[Stored data entries]
- - -
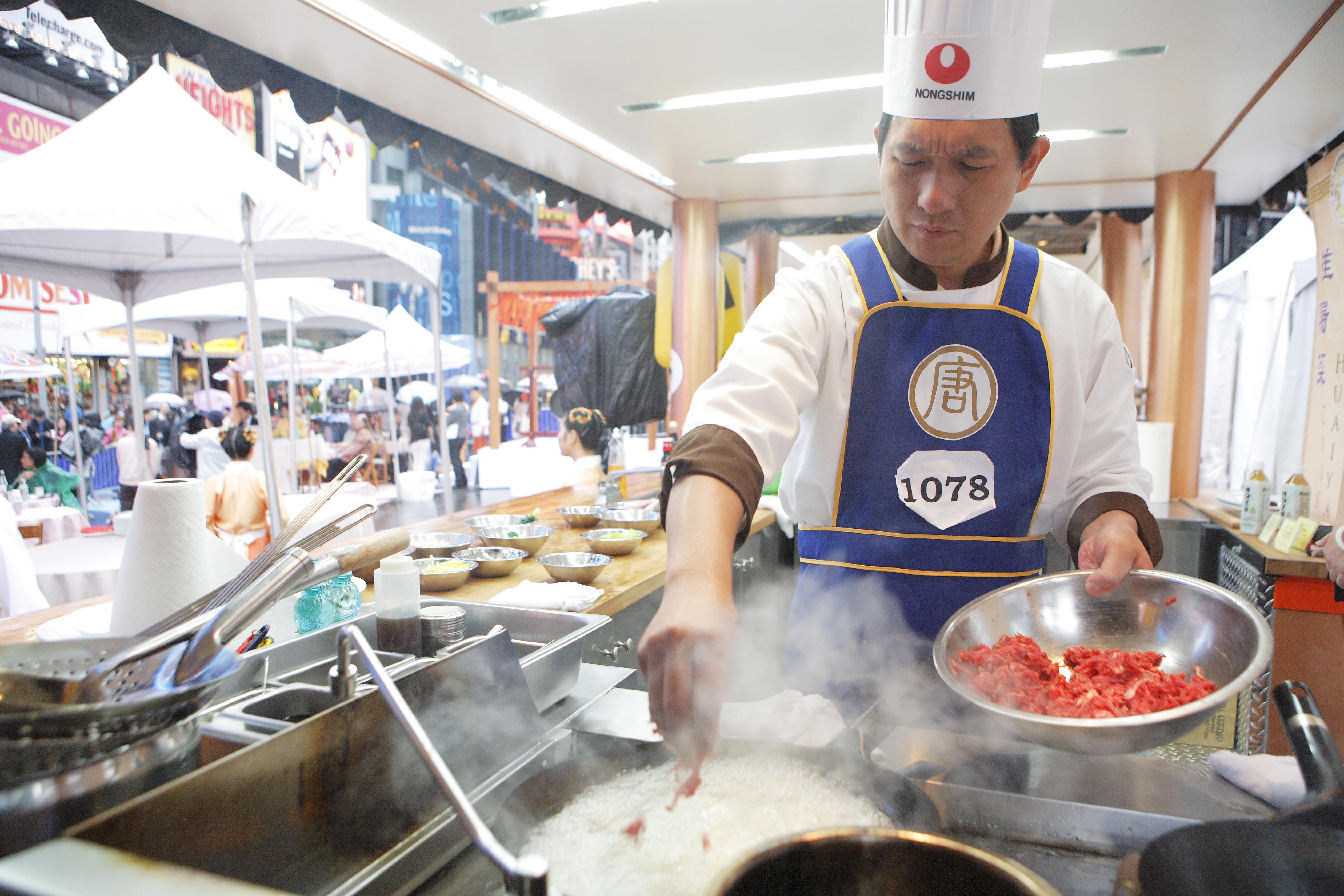 ![]() 第三届“全世界中国菜厨技大赛”将唐朝盛世的长安搬到了纽约时代广场 |
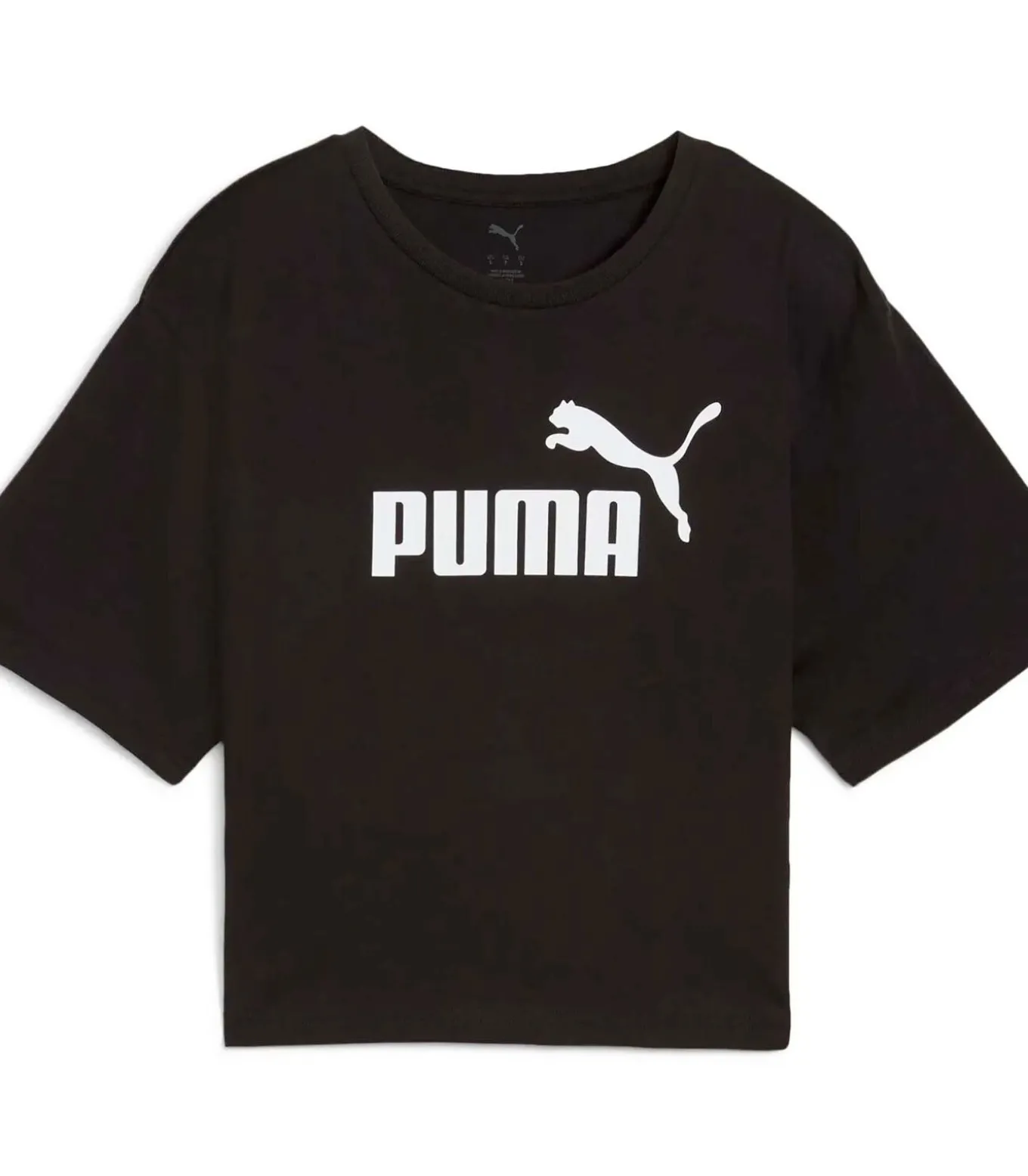 Kleur: Puma Black. Samenstelling: Buitenkant: 100% katoen; Kraag: 70% katoen, 30% polyester. Mouwen: Kort. Halslijn: Ronde hals. Lengte: Cropped. Pasvorm: Relaxed. Details: Cropped jersey T–shirt met verlaagde schouders en rubberen PUMA No. 1–logoprint, perfect om te combineren met kleding met een hoge taille. Duurzaamheid: Gemaakt van minimaal 20% gerecycled katoen. Gebruik: Ideaal voor een casual en relaxte look, perfect voor vrije tijd en het dagelijks leven.
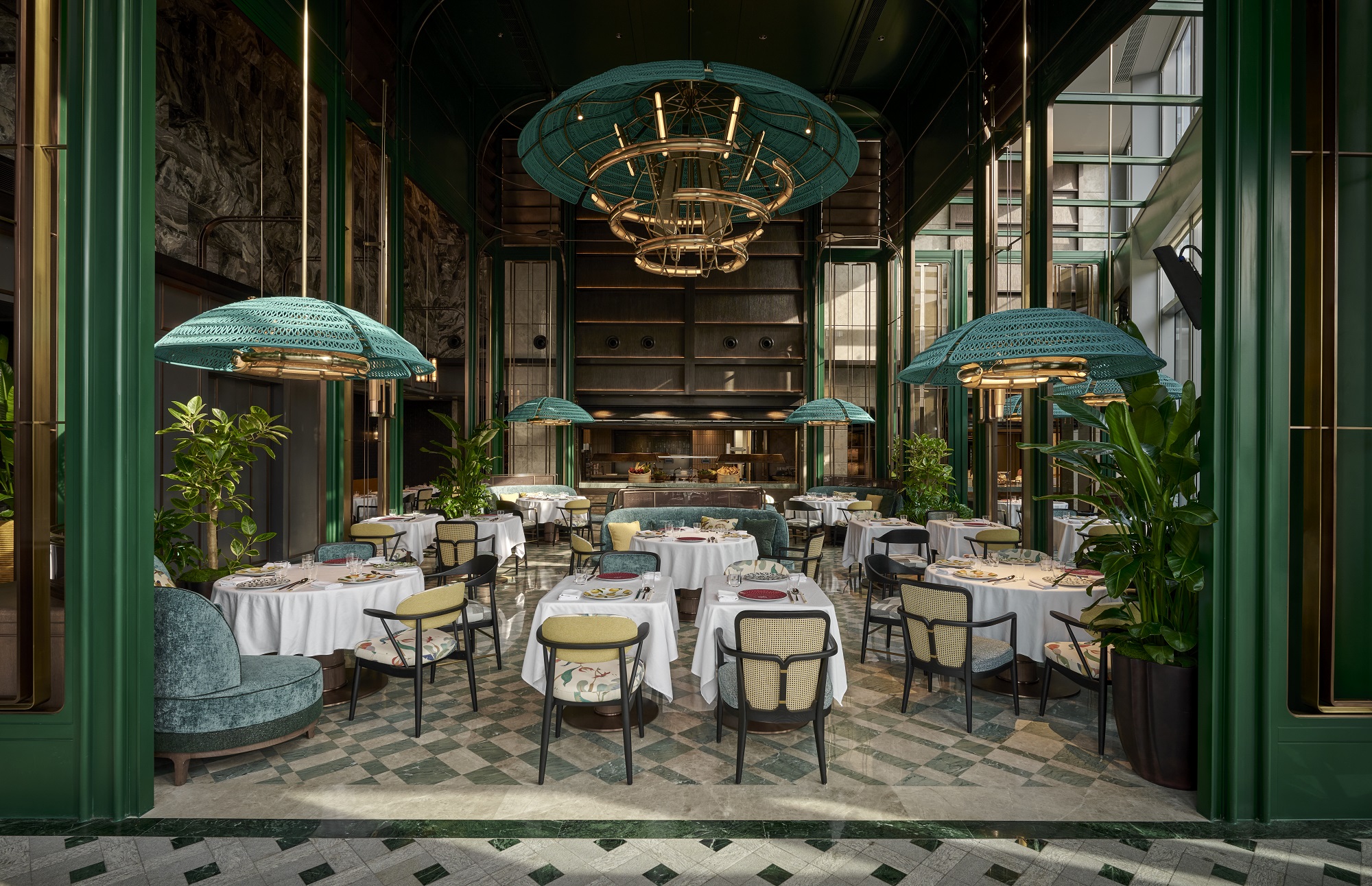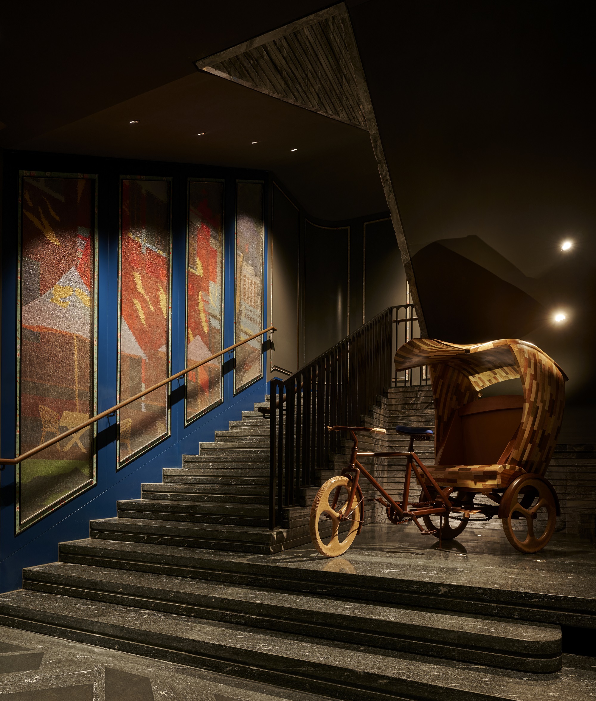 三楼庭院为石库门风格,并设置了光影斑驳的LED砖墙,这样一来,踏入酒店既能领略旧时上海弄堂里阳光透过树荫洒入院落内的景致。大堂一侧设立了一座复刻自上海海关大楼风貌的广场大钟,每天下午17:30,钟声准时响起,灯光与音乐同步切换,开启经典的Andaz Hour。
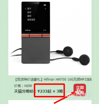 8、我们会看到目前分期购买的产品下面都会说的是分期多少,我们看完以后,可以点击打开看一下具体的情况。
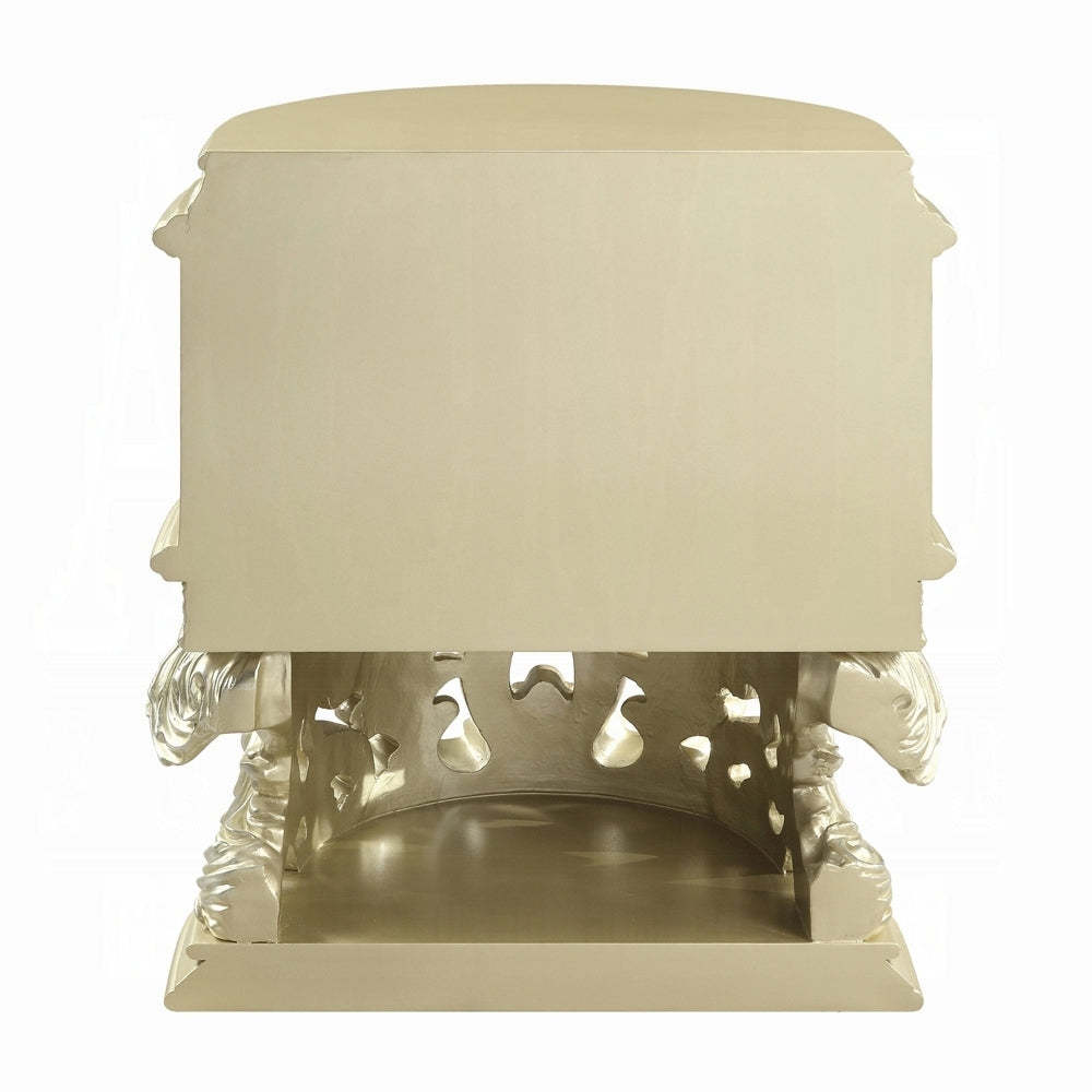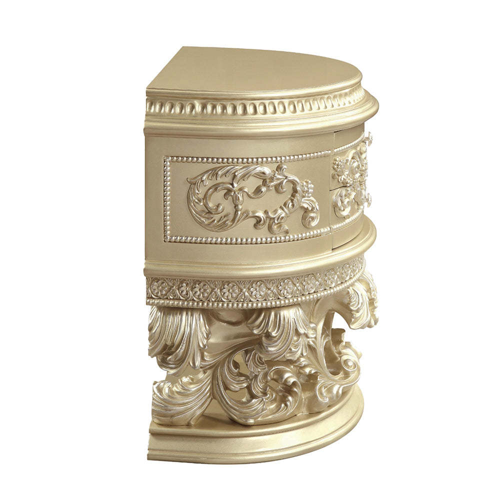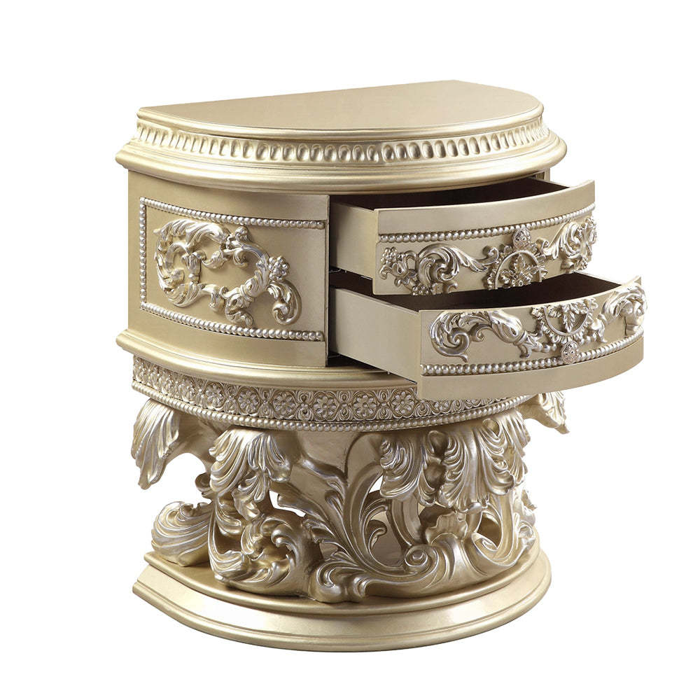 Upgrade your interior space with an essential accessory that is the perfect companion for giving your bedside or sofa a boost of refinement. With a durable wood frame and finished with opulent scrollwork, this nightstand offers incredible structure and stunning looks for your home. It gives your living space an incredible design with its ornate accents and two drawers for storage. Champagne gold tone lends a sleek finishing touch to the furniture.
- - -
→ Work to complete
The expected output is every entry above, character for character, with no pictures.

→ Solution to the problem
 ![]() 第三届“全世界中国菜厨技大赛”将唐朝盛世的长安搬到了纽约时代广场 |
 Kleur: Puma Black. Samenstelling: Buitenkant: 100% katoen; Kraag: 70% katoen, 30% polyester. Mouwen: Kort. Halslijn: Ronde hals. Lengte: Cropped. Pasvorm: Relaxed. Details: Cropped jersey T–shirt met verlaagde schouders en rubberen PUMA No. 1–logoprint, perfect om te combineren met kleding met een hoge taille. Duurzaamheid: Gemaakt van minimaal 20% gerecycled katoen. Gebruik: Ideaal voor een casual en relaxte look, perfect voor vrije tijd en het dagelijks leven.
 三楼庭院为石库门风格,并设置了光影斑驳的LED砖墙,这样一来,踏入酒店既能领略旧时上海弄堂里阳光透过树荫洒入院落内的景致。大堂一侧设立了一座复刻自上海海关大楼风貌的广场大钟,每天下午17:30,钟声准时响起,灯光与音乐同步切换,开启经典的Andaz Hour。
 8、我们会看到目前分期购买的产品下面都会说的是分期多少,我们看完以后,可以点击打开看一下具体的情况。
 Upgrade your interior space with an essential accessory that is the perfect companion for giving your bedside or sofa a boost of refinement. With a durable wood frame and finished with opulent scrollwork, this nightstand offers incredible structure and stunning looks for your home. It gives your living space an incredible design with its ornate accents and two drawers for storage. Champagne gold tone lends a sleek finishing touch to the furniture.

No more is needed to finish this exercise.